I suggested the score should be the number of letters that are found to be in words and that’s a simple way that works. But I believe a test decryption with longer words in it is more likely to be on the right track, and the score should reflect that. So you may wish to give extra points for longer words. Perhaps add L*(L-1) or L*(L-2) where L is the length of the word found would work better. You may want to deduct unmatched letters. But you have balance this against the situation where your bonus rewards inaccurate parsing too much. For example HULALIGHT would parse as HUL ALIGHT. HOLYLIGHT would split after the Y. The second form is more likely right. With simple letter count, the second one scores higher. But what if there’s a bonus for length? HUL ALIGHT might score higher depending on how big a bonus.

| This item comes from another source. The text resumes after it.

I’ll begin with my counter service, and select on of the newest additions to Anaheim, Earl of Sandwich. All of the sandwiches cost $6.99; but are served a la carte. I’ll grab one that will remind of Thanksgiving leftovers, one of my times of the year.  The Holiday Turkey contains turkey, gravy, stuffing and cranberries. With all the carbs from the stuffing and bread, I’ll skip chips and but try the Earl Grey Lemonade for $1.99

Now compare HULALIGHT to HALFLIGHT and to HOLYLIGHT. Without a length bonus these score the same. How do we fix that so the best one scores highest? It’s possible to try alternate ways of parsing the word divisions and then scoring higher for the result that is most common, as I’ll explain below. I’ve found this to be much too time-consuming to be practical in hill-climbing. Another way I do use for cipher types with word divisions such as Aristocrats, Key Phrase, and Tridigital, is to score word pairs together based on the frequency of the pairing. I’ve downloaded 2-grams from the Google N-gram site and processed the files to delete irrelevant data, adjust the frequency numbers to more manageable size and spread, and alphabetize them. I use these files to score the word pairs. You might be tempted just to use the frequency of the individual words rather than the pairs, as it would be faster to look up. That might work with the above example since HALF is more common than HULA or Holy. So is HALF LIGHT the most common combo. But take TWENTY T??. The most frequent combo is TWENTY TWO but TWENTY THE would score higher based on individual word frequency. Tetragram scoring can take care of some of this and for simple substitution types cost in time is rarely worth two-word scoring. But for some very tough ones, like very short Headline puzzle headlines, it’s the only way to crack them, and in a Key Phrase I’ve found it essential.

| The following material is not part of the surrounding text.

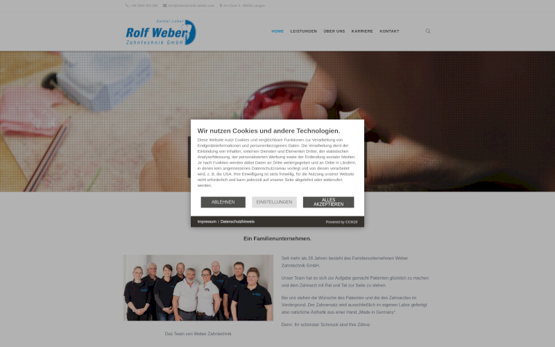 Entdecken Sie CCM19: Den Cookie Consent Manager, maßgeschneidert für zahntechnische Versorgungszentren. Optimieren Sie jetzt Datenschutz & Zustimmung! Vertrauen Sie auf eine Lösung, die ohne Datenübertragung ins Ausland auskommt & speziell für Ihre Branche entwickelt wurde. Deutschsprachiger Support inklusive!
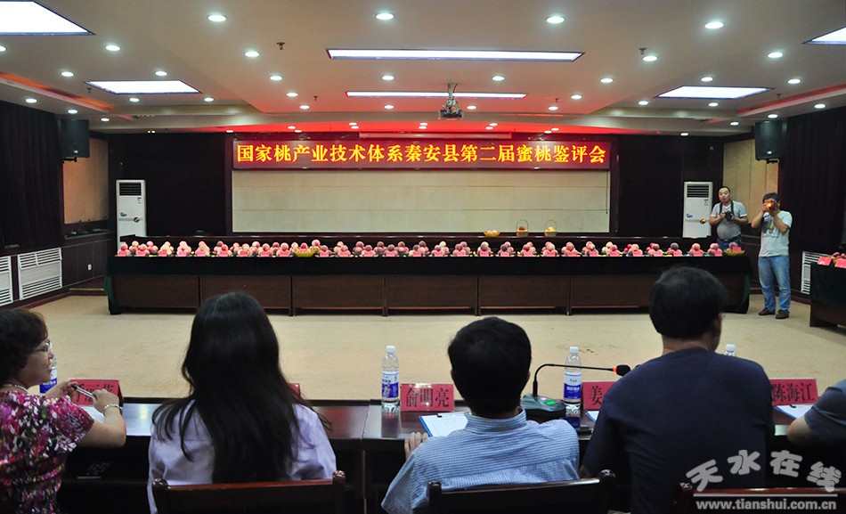 天水在線秦安報道 8月8日上午,國家桃產(chǎn)業(yè)技術體系秦安縣第二屆蜜桃鑒評會舉行。國家桃產(chǎn)業(yè)技術體系首席科學家、北京農(nóng)林科學院林果所研究員姜全帶領國家桃產(chǎn)業(yè)體系專家組對秦安縣篩選出的北京七號、倉方早生、大久保、油桃、蟠桃等多個優(yōu)良主栽培品種進行鑒定、評審。

I mentioned above that trying alternate means of parsing is not practical for hillclimbing. But another application of this technique is not used for solving at all. When I solve a cipher and the result is without word divisions, I like to submit the result in a more readable form for the Solutions Editor. That means I insert spaces at the word boundaries. My program to do this uses four steps. The first step consists of dividing up the text using the technique I described in my first post, but either method will work for step 1. The second step is to score the word pairs from the N-gram data as described in the last paragraph. These two steps are virtually instantaneous. Then the program goes back and checks for common parsing errors I’ve compiled in a list, such as changing “i snow” to “is now.” This is still instantaneous. The final step is to go back through and try moving one and then two letters to the left and the right at every space and testing the resultant word pairs. For example, “butt he” would be tested against “but the” and “bu tthe.” “But the” would outscore the others and be the output form. All this testing and then altering the output is very slow. For one already solved text the forty seconds or so it takes is acceptable but it can’t be used in hillclimbing.